- Blog
- Bios
- Boards
- Classifieds
- DIY
- Gallery
- Vendor Reviews
- Shop Weddingbee
I had 1.5 years, but I could have done it all in 6 months. As it is, I didn't really start planning anything until eight months out, other than securing the venue. The only reason you would need a long engagement is needing a specific date and wanting a specific venue. Otherwise I think 6 months is plenty of time... most other vendors don't book up that fast.
I think it all depends on what you want for your wedding. I think if your more flexible with where you would like to have it and such then you should take less time. You can take whatever amount of time that you want to take you just might have to be flexible with certain things.
If you get married during the prime months probably June-Aug(guess) in Michigan then you need a year. Remember there are some brides that plan 2+ years in advance, and you will be competing with them for your date. Those Saturdays at most venues get snapped up like no tomorrow. Or if you consider a Friday or Sunday wedding you may be able to have a shorter engaement. Also consider an off season wedding since more dates will be available last minute and they are cheaper.

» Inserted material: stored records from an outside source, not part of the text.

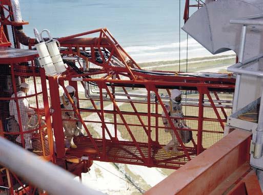Poslední fotografie astronautů pořízená dne 27. ledna 1967 při nastupování do lodi Apollo: Virgil Grissom vpravo, za ním Roger Chaffee.
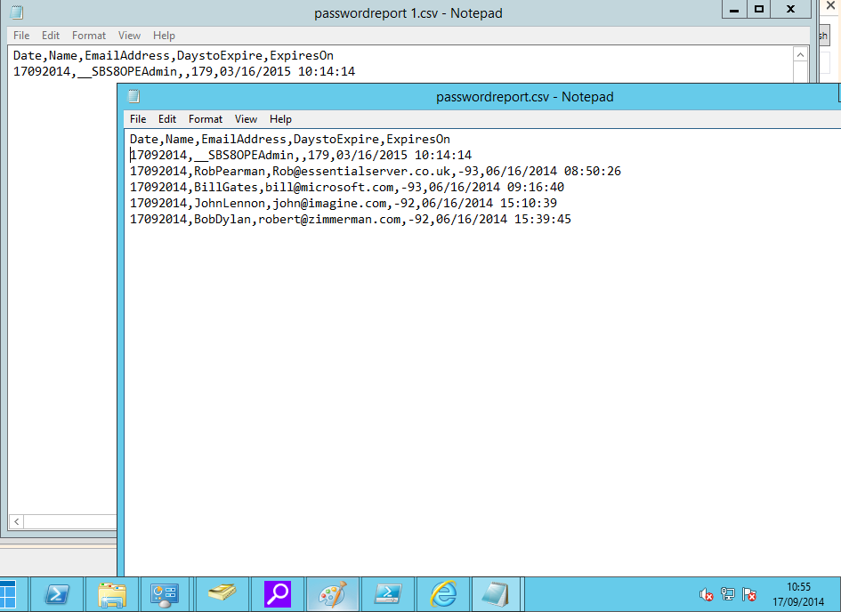 Creating a slightly modified version of the script to remove the email component altogether and turn it into a reporting tool, we can quickly see whether or not users are matched by the script, and the date there password will expire/expired.
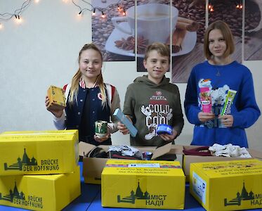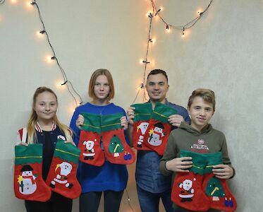 In der Ukraine haben wir wie in den vergangenen Jahren „Weihnachtssocken“ verteilt an Gemeinden und Missionsfreunde in unserer Umgebung. Diese Socken werden von ihnen mit Lebensmitteln, Süßigkeiten und kleinen Überraschungen gefüllt.

How funny. I had this same issue. My FI and I sat down one day before we were engaged and talked about wedding stuff. I told him I wanted a short engagement of 8-9 months. He said that would not be possible if we wanted a 30K wedding. It takes time to save up 30K and we didn't plan on asking our families for the money. I agreed that I did want a nice wedding and agreed to wait a 14 months instead to have the wedding of my dreams. I am still on a budget 30k isn't a great sum but it's more than what 8-9 months would have given us.
The perk of planning with so much time. We got the reception place we wanted, we got the ceremony site we wanted, and we got the photographer wanted.

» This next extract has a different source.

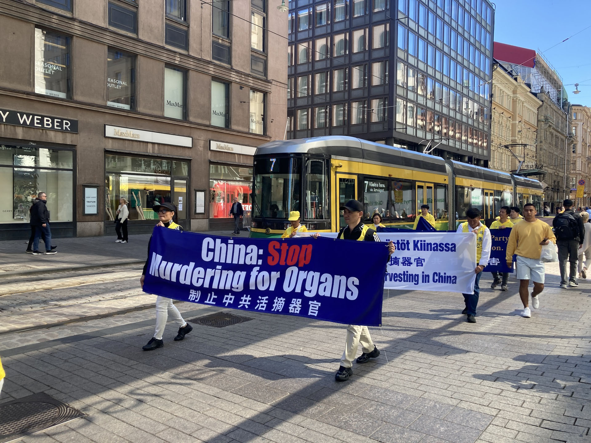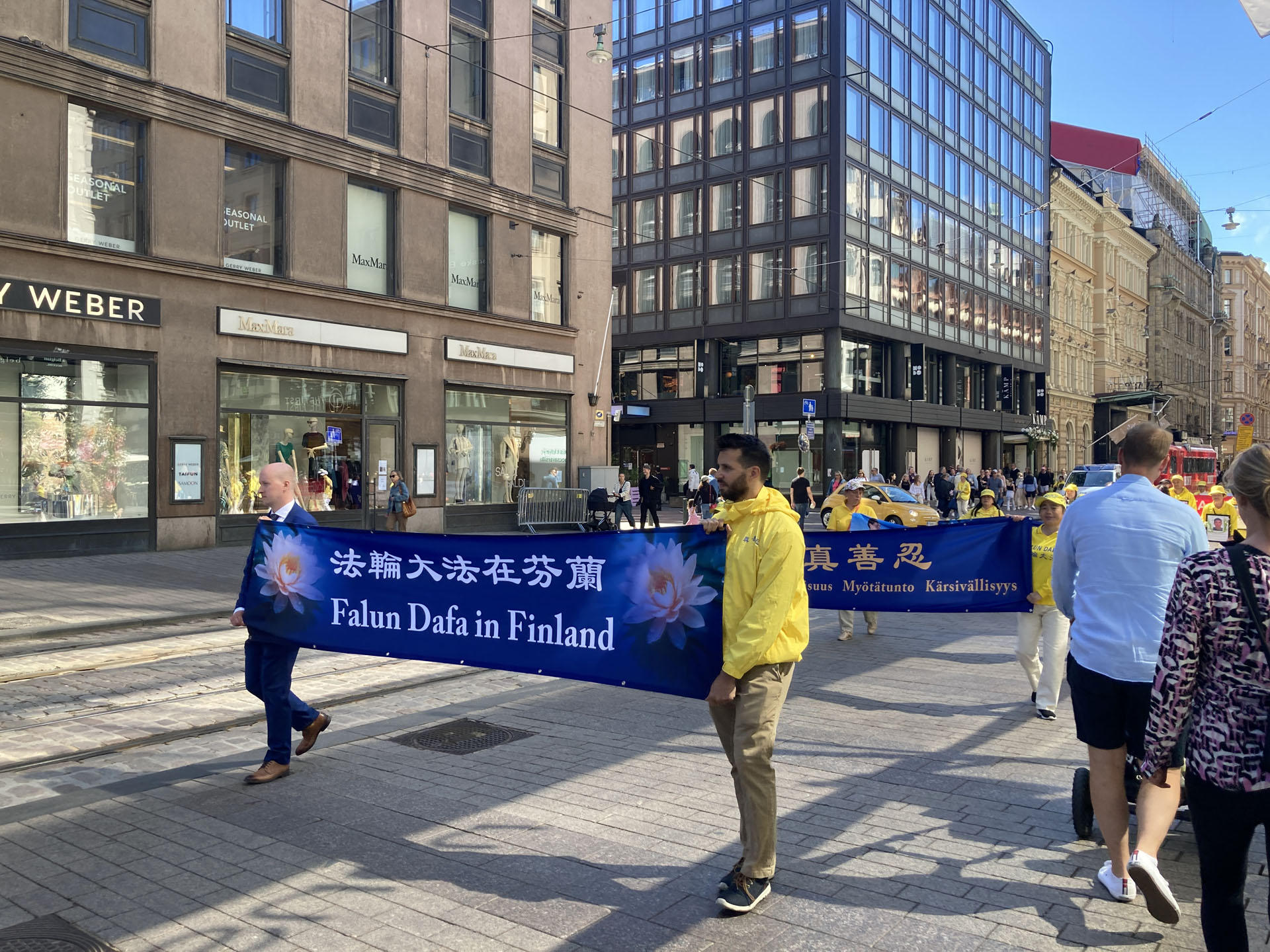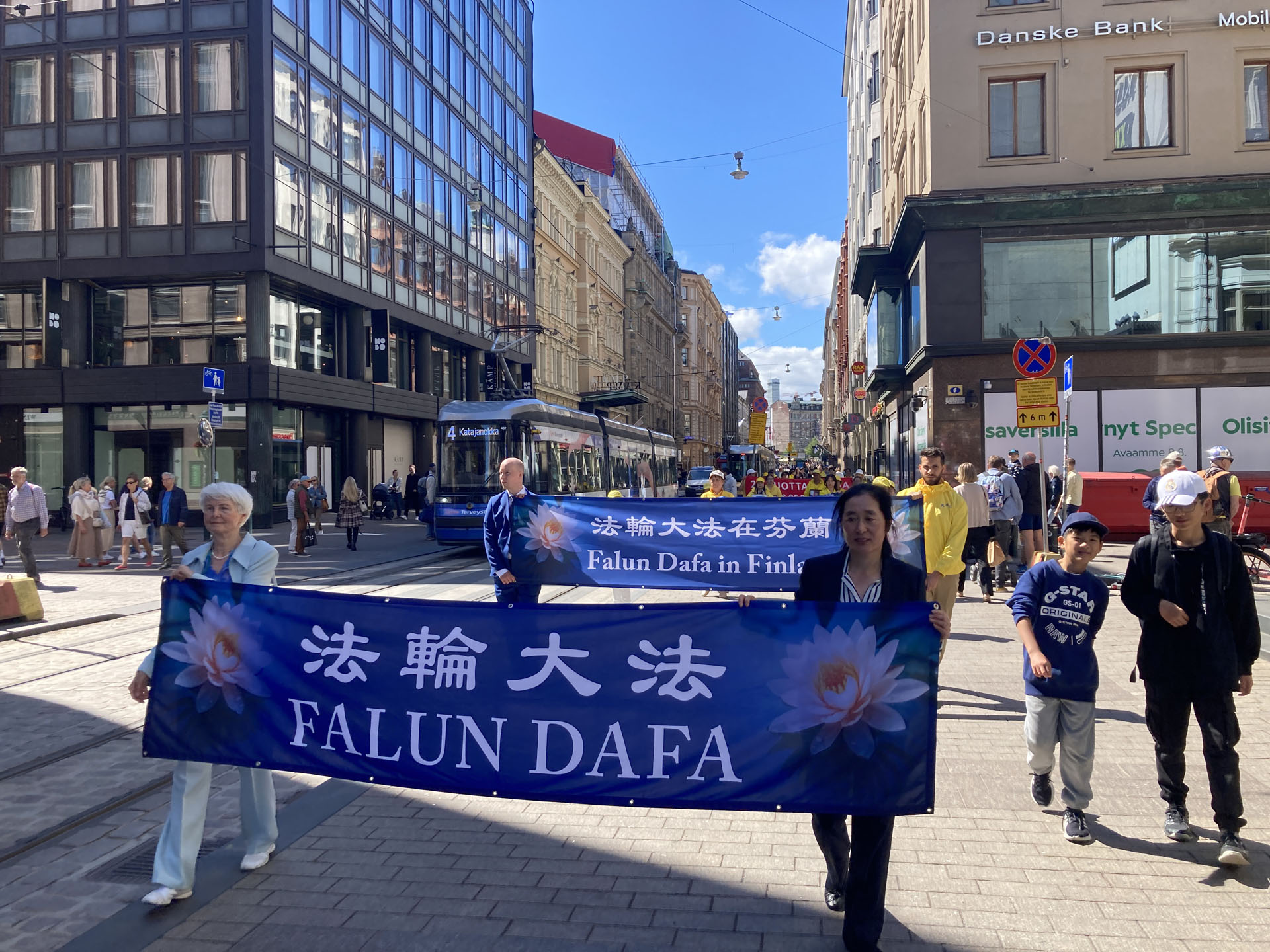 法轮功学员的游行队伍从购物中心干比出发,途经赫尔辛基的主干道曼纳海姆路(Mannerheimintie)、著名的购物中心亚历山大林卡图(Aleksanterinkatu)、赫尔辛基大教堂、北滨海艺术中心公园(Pohjoisesplanadi)等首都的地标场所,最后在芬兰国会大厦前结束。

I think it depends on where and when you decide to get married, and how 'set' you are on certain elements.
But, more or less, I think 6 months is fine. We were only going to do a short engagement (like 6 months), but he's keen on spring (Sept/Oct) now so it will be more like 10 months (if his proposal ideas keep to schedule). I think I'd get pretty over it if it was long!
I've been wondering the same thing! I think my bf is going to propose in late Oct (my birthday)... but I really want to get married in May! I don't have a particular attachment to the month, but due to family weddings it is basically May 2010 or wait until 2011, and omg I can't wait 1.5 years! But, if he does it at the end of Oct as I expect May is only 7 months and everyone on here seems to have stuff planned out so early!

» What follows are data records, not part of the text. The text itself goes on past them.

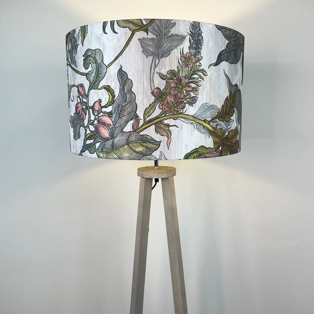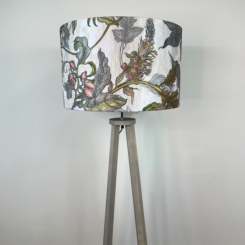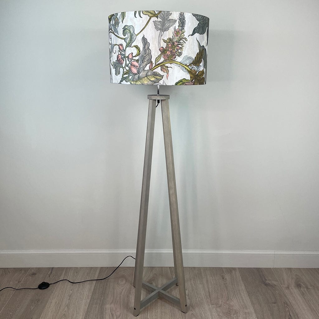 Whitby Grey Wash Wood Tapered 4 Post Floor Lamp with Timorous Beasties Epic Botanic Beige Peach Lampshade
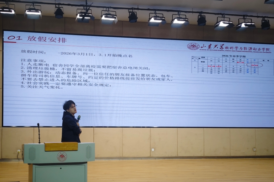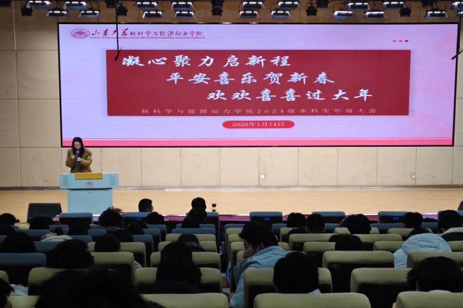 1月14日上午11时,山东大学核科学与能源动力学院于兴隆山校区讲学堂召开2024级本科生年级大会。会议由2024级辅导员李雪静、赵术军共同主持,2024级全体本科生参加。
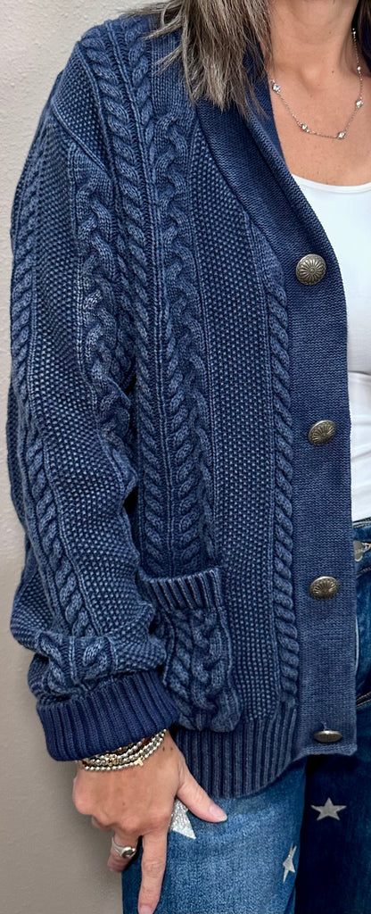 Denim Blue Corded Sweater Cardigan w/ Concho Buttons
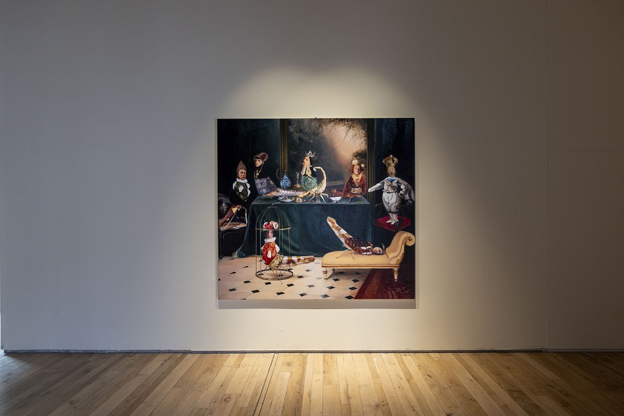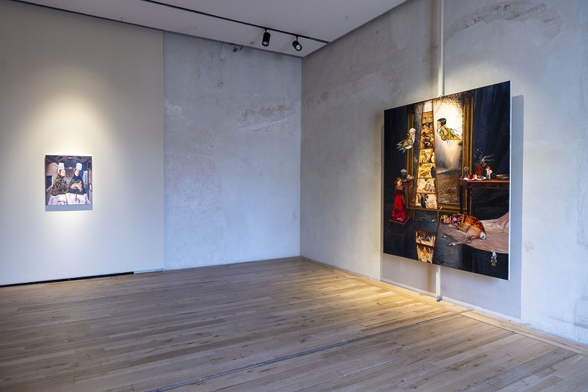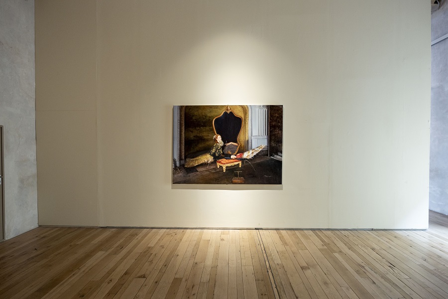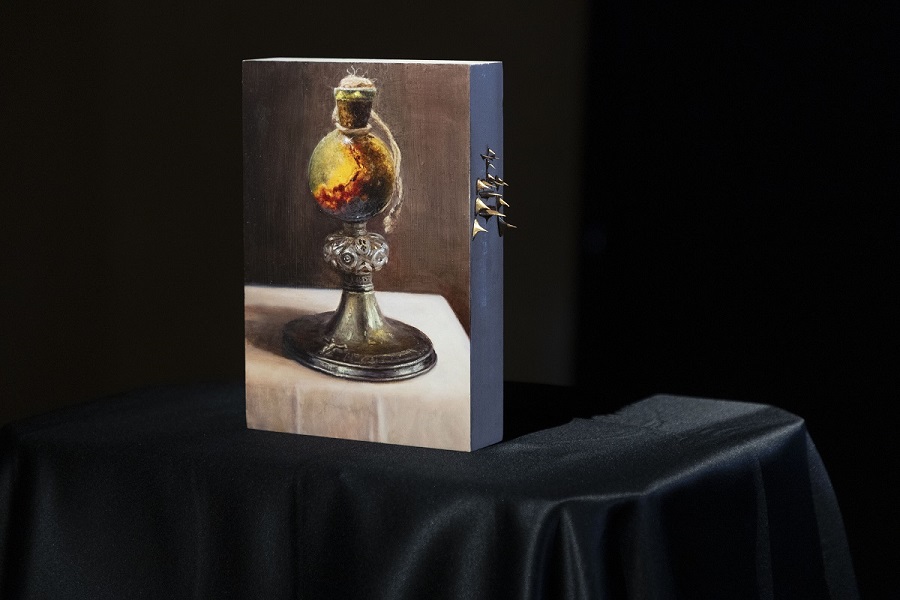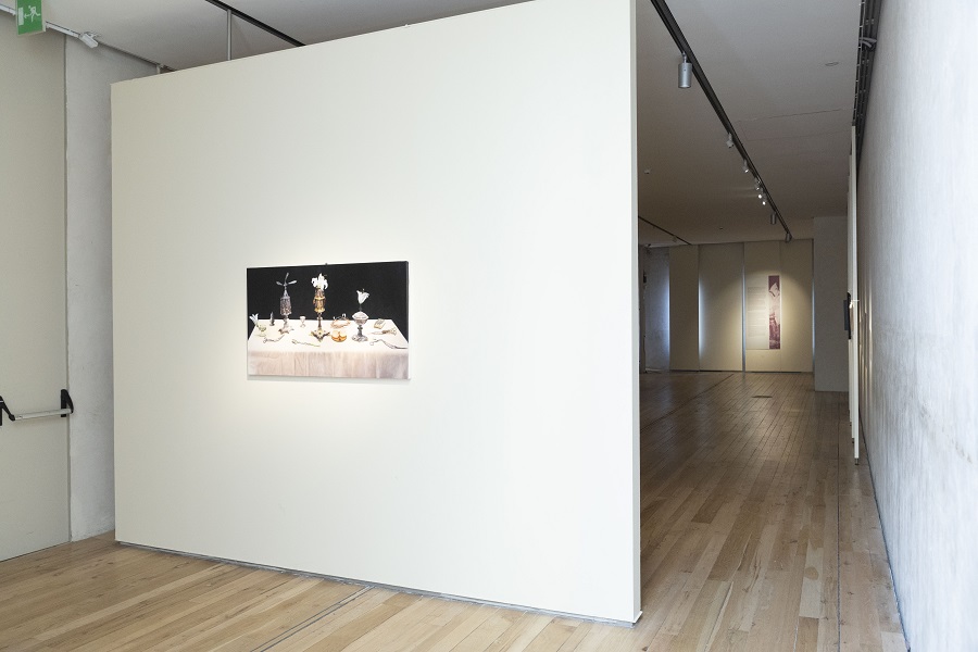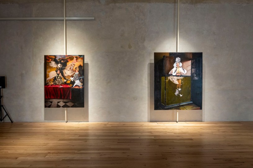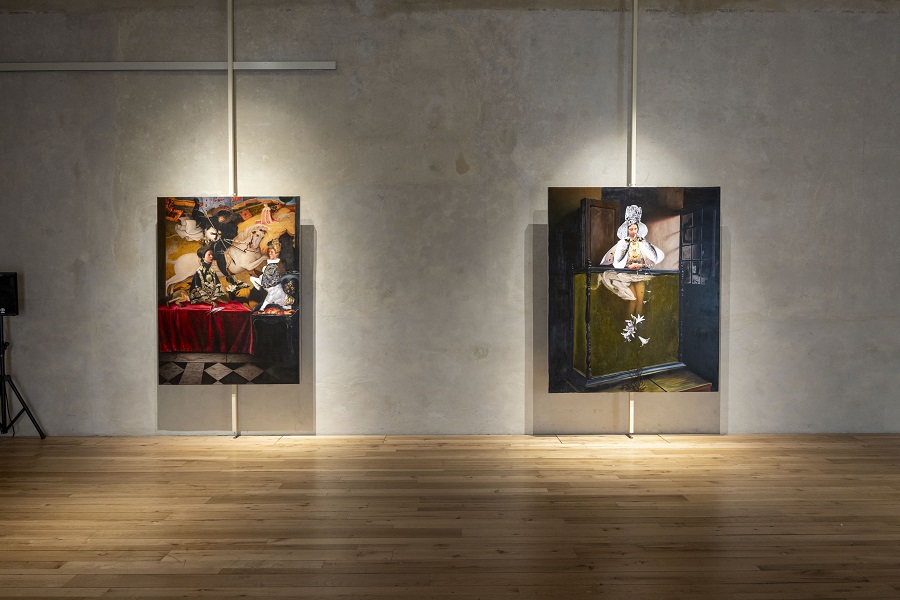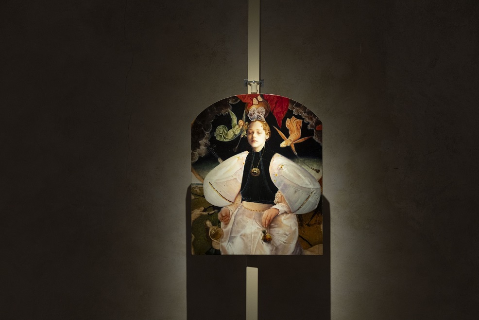 In ascolto di questo luogo – dove l’artista ha trascorso del tempo studiando e ammirandone le meraviglie – nascono le sue tele installazioni, le memorie si intrecciano agli affreschi, ai simboli e agli oggetti liturgici per trasformarli in un linguaggio pittorico visionario. Al centro, il tema della metamorfosi: nascita, dissoluzione, elevazione in cui il corpo diventa luogo fragile e sacro, incubatore dell’anima e strumento di guarigione, mentre tutto è traccia di un passaggio dal terreno al divino. Le nature morte accolgono oggetti un tempo utilizzati all’interno dell’Ospedale, come ciotole e bende, contenitori e strumenti medici, che diventano reliquie laiche e tracce di una cura fisica e spirituale.

it also depends on the region that you are located in as well. there are always early planners. you must also consider the length of time it will take for your wedding dress to arrive. you limit your dress choices if you want to plan in say 4 months when most designers promise delivery in 4 months. that cuts everything (fittings, etc) ultra close.
Like the other PP have said, I think if you're willing to be flexible, you can plan in less than a year. You will possibly have fewer options in venue, time of the day and day of the week if you're booking less than a year in advance. However, if you're willing to be flexible, I think you can definitely do it. I had friends who put together a lovely wedding in 6 months, but they also had to get married on a Friday evening, instead of Saturday, because that was the only time the church was available.
I know when we were planning, we knew our venue and the month we wanted to be married, so we kind of had to book it quickly, because it's a popular place/time. We booked almost exactly a year in advance and I'm glad we did! It also took about 6 months for my dress to come in (after about 3 months of looking for one), so that took some time, too.
If you don't have your heart set on a specific place or particular date, I think you can definitely plan an amazing wedding in a shorter period of time.
I'm all for a shorter engagement. We had nine months, and it was plenty for us. The longer you have to plan, the more time you have to stress about making it perfect and change your mind 20 times about what you/the groom/the bridesmaids should wear. It's all simpler if you keep it short and sweet!
I got engaged in November 2008 and my wedding is OCtober 31st. I did not want Halloween, but that was the only Saturday available at my venue that was after August 1st. We needed at least six months for Catholic Church issues and due to the busy Holiday season the Priest doing Pre-CAna at FI's church wouldn't meet with us to at least January. Luckily my parents priest put our date on the calendar. I did do a bunch of vendor booking early on like Photog, Video, and Dj and then I didn't do much except dresses for a while. It took me a long time to find my dress.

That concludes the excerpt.